Provided records:
BEGIN

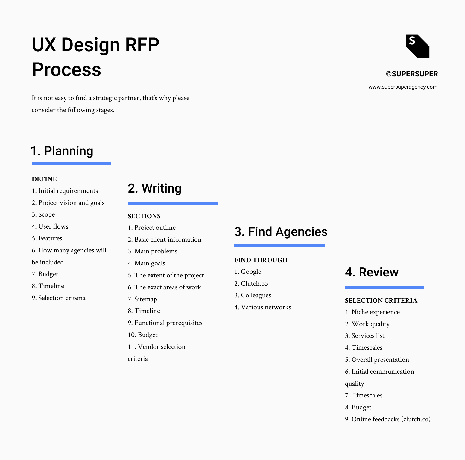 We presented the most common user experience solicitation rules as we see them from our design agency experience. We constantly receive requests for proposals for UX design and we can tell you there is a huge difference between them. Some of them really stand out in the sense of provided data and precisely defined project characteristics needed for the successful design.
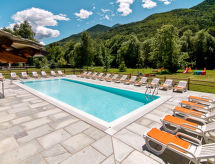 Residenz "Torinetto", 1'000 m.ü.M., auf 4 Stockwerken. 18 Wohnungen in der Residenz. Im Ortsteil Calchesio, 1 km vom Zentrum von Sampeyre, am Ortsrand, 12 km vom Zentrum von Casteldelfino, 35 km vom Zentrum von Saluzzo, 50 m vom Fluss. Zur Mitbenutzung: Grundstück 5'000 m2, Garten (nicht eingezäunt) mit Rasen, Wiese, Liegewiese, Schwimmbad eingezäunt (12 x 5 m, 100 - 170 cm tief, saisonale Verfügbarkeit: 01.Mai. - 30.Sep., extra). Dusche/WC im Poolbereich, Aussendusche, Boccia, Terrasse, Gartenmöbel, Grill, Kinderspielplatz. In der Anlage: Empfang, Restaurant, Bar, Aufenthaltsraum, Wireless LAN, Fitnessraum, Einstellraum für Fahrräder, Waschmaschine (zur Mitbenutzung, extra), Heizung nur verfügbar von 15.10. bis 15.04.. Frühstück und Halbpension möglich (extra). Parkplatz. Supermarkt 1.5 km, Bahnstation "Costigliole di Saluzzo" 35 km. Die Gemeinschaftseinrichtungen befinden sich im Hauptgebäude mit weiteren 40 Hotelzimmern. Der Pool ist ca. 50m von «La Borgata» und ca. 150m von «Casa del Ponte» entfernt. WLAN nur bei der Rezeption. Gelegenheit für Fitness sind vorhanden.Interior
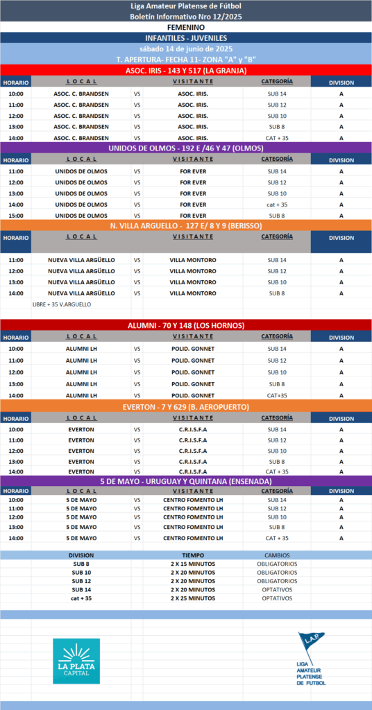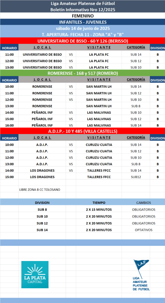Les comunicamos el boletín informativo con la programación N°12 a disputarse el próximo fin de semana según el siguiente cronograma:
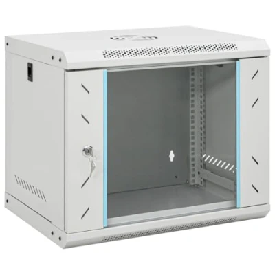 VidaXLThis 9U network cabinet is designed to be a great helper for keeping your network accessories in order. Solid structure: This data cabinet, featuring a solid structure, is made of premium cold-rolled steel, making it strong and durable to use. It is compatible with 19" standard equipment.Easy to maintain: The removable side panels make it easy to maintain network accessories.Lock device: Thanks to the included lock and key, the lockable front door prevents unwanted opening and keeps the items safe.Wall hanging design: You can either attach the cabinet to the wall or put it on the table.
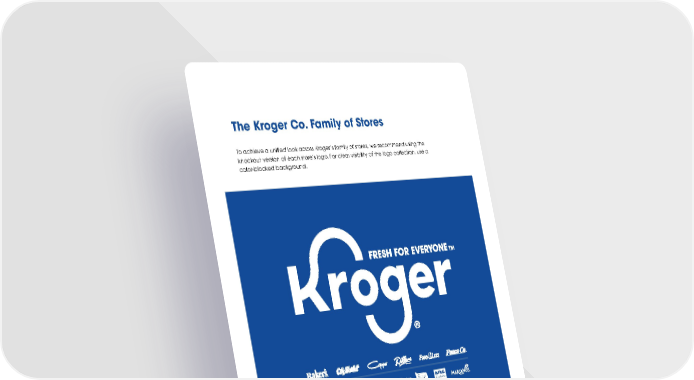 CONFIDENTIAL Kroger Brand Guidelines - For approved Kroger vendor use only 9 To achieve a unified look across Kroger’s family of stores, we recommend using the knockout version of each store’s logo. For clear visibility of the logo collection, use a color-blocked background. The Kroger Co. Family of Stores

END

Your task:
Reproduce the records above from their first line to the line bearing "Fitness sind vorhanden.Interior", both ends included, leaving every picture out.

Answer for the task:
 We presented the most common user experience solicitation rules as we see them from our design agency experience. We constantly receive requests for proposals for UX design and we can tell you there is a huge difference between them. Some of them really stand out in the sense of provided data and precisely defined project characteristics needed for the successful design.
 Residenz "Torinetto", 1'000 m.ü.M., auf 4 Stockwerken. 18 Wohnungen in der Residenz. Im Ortsteil Calchesio, 1 km vom Zentrum von Sampeyre, am Ortsrand, 12 km vom Zentrum von Casteldelfino, 35 km vom Zentrum von Saluzzo, 50 m vom Fluss. Zur Mitbenutzung: Grundstück 5'000 m2, Garten (nicht eingezäunt) mit Rasen, Wiese, Liegewiese, Schwimmbad eingezäunt (12 x 5 m, 100 - 170 cm tief, saisonale Verfügbarkeit: 01.Mai. - 30.Sep., extra). Dusche/WC im Poolbereich, Aussendusche, Boccia, Terrasse, Gartenmöbel, Grill, Kinderspielplatz. In der Anlage: Empfang, Restaurant, Bar, Aufenthaltsraum, Wireless LAN, Fitnessraum, Einstellraum für Fahrräder, Waschmaschine (zur Mitbenutzung, extra), Heizung nur verfügbar von 15.10. bis 15.04.. Frühstück und Halbpension möglich (extra). Parkplatz. Supermarkt 1.5 km, Bahnstation "Costigliole di Saluzzo" 35 km. Die Gemeinschaftseinrichtungen befinden sich im Hauptgebäude mit weiteren 40 Hotelzimmern. Der Pool ist ca. 50m von «La Borgata» und ca. 150m von «Casa del Ponte» entfernt. WLAN nur bei der Rezeption. Gelegenheit für Fitness sind vorhanden.Interior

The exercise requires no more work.